Work request: The result should be a faithful copy of every entry below, with the pictures left out.

Available data:
◇ ◇ ◇ ◇

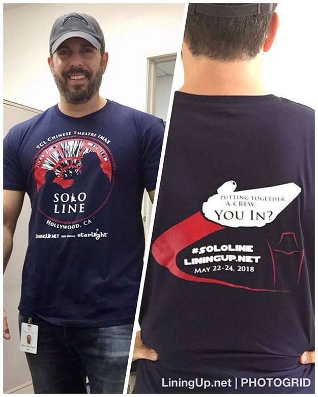 今回のイベントの為に主催者が作ったTシャツ。「Solo Line」の文字が見える(主催者提供)Photo courtesy:LiningUp for Star Wars Hollywood @ Facebook
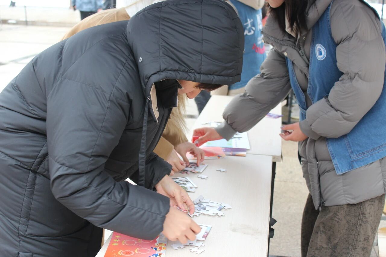 同学们参与有关我校志愿服务精彩瞬间的拼图游戏,获得“野”印章。拼图过程中,志愿者们的身影逐渐清晰——笑容洋溢的脸庞、默默付出的背影,无声诉说着他们的热忱与担当。一张张定格志愿服务高光时刻的拼图被逐一复原,不仅重现了温暖瞬间,更吸引着更多同学主动加入志愿服务的行列,勇于担当与奉献。
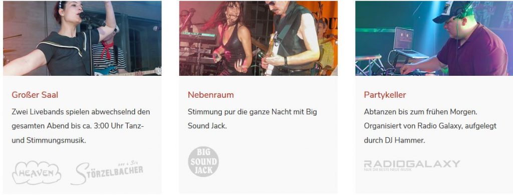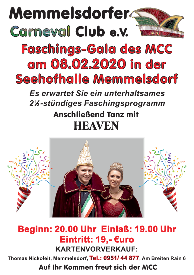 Auch im 56 Jahr ihres Bestehens wollte der Memmelsdorfer Carneval Club e.V. nicht auf die ausgezeichnete Band aus Unterfranken verzichten. Damit die Vorfreude aber auch noch vor Ort erhalten bleibt, erwartet die Gäste erstmal ein 2 1/2 stündiges buntes Faschinsgprogramm. Erst danach kann man zusammen mit Heaven so richtig die Sau raus lassen.
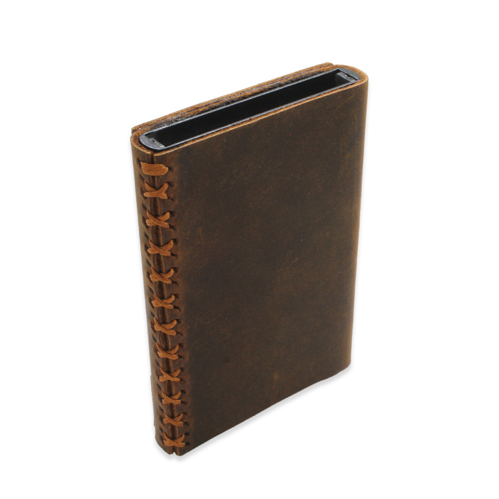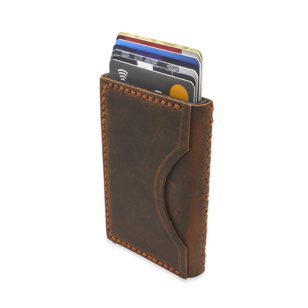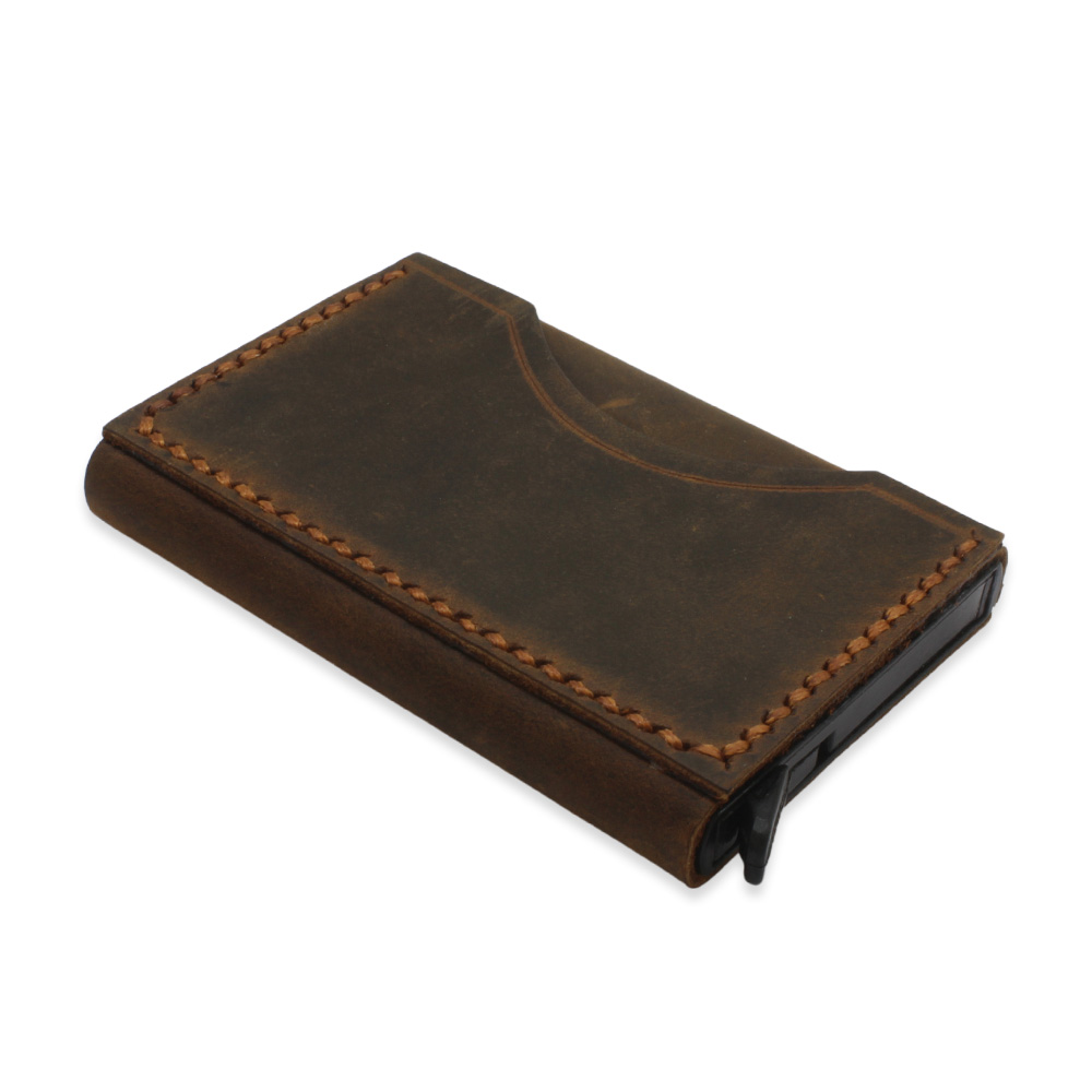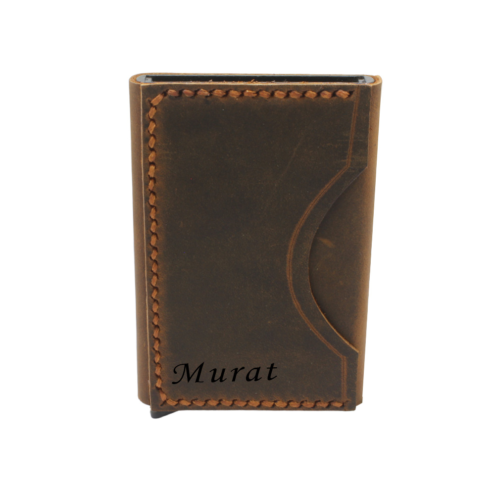 Tamamı El Dikişi Kahverengi Hakiki Deriden Mekanizmalı İsme Özel Yazılı Kartlık Cüzdan M3
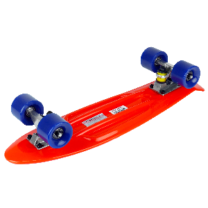 Доска-круизер, дека 22,5*6" оранж.,материал деки - первичный полипропилен, колеса PU синие,подшипник ABEC 7, размер 60*45мм 78А, шасси - алюминий, максимальный вес пользователя - 80 кг.
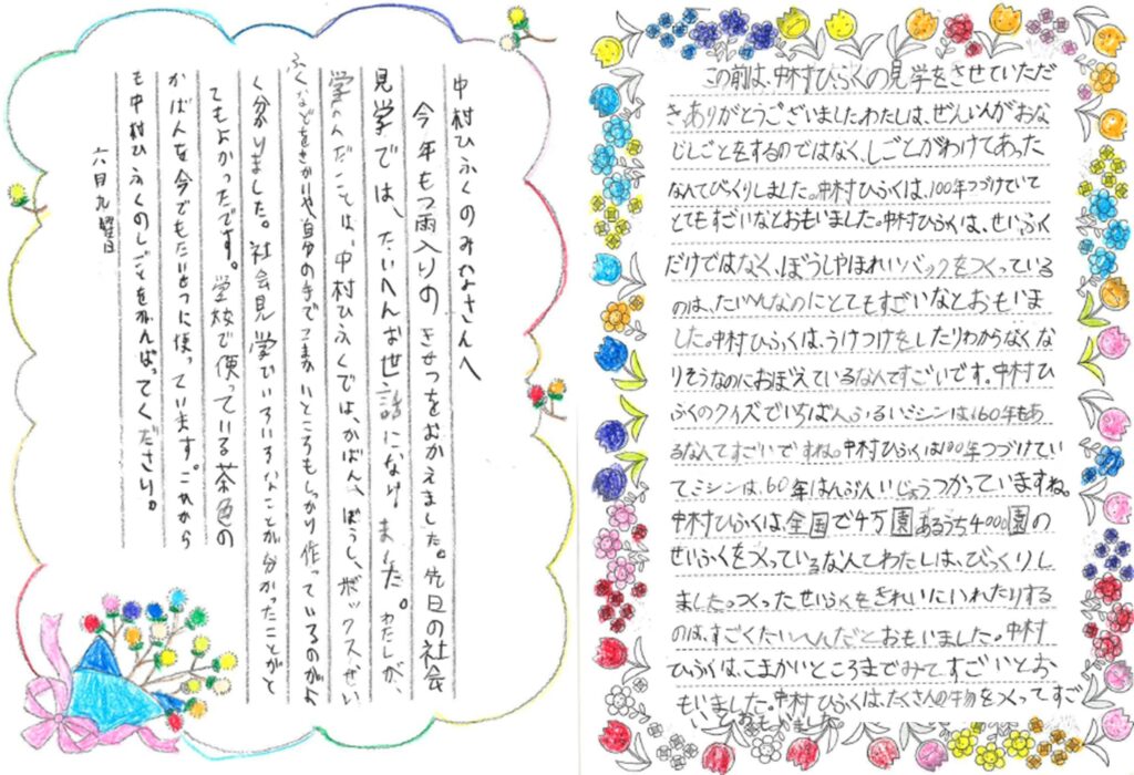 先日、社会見学に訪れた小学3年生の皆さんから、心温まるお礼の手紙をいただきました。見学を

◇ ◇ ◇ ◇

Task solution:
 今回のイベントの為に主催者が作ったTシャツ。「Solo Line」の文字が見える(主催者提供)Photo courtesy:LiningUp for Star Wars Hollywood @ Facebook
 同学们参与有关我校志愿服务精彩瞬间的拼图游戏,获得“野”印章。拼图过程中,志愿者们的身影逐渐清晰——笑容洋溢的脸庞、默默付出的背影,无声诉说着他们的热忱与担当。一张张定格志愿服务高光时刻的拼图被逐一复原,不仅重现了温暖瞬间,更吸引着更多同学主动加入志愿服务的行列,勇于担当与奉献。
 Auch im 56 Jahr ihres Bestehens wollte der Memmelsdorfer Carneval Club e.V. nicht auf die ausgezeichnete Band aus Unterfranken verzichten. Damit die Vorfreude aber auch noch vor Ort erhalten bleibt, erwartet die Gäste erstmal ein 2 1/2 stündiges buntes Faschinsgprogramm. Erst danach kann man zusammen mit Heaven so richtig die Sau raus lassen.
 Tamamı El Dikişi Kahverengi Hakiki Deriden Mekanizmalı İsme Özel Yazılı Kartlık Cüzdan M3
 Доска-круизер, дека 22,5*6" оранж.,материал деки - первичный полипропилен, колеса PU синие,подшипник ABEC 7, размер 60*45мм 78А, шасси - алюминий, максимальный вес пользователя - 80 кг.
 先日、社会見学に訪れた小学3年生の皆さんから、心温まるお礼の手紙をいただきました。見学を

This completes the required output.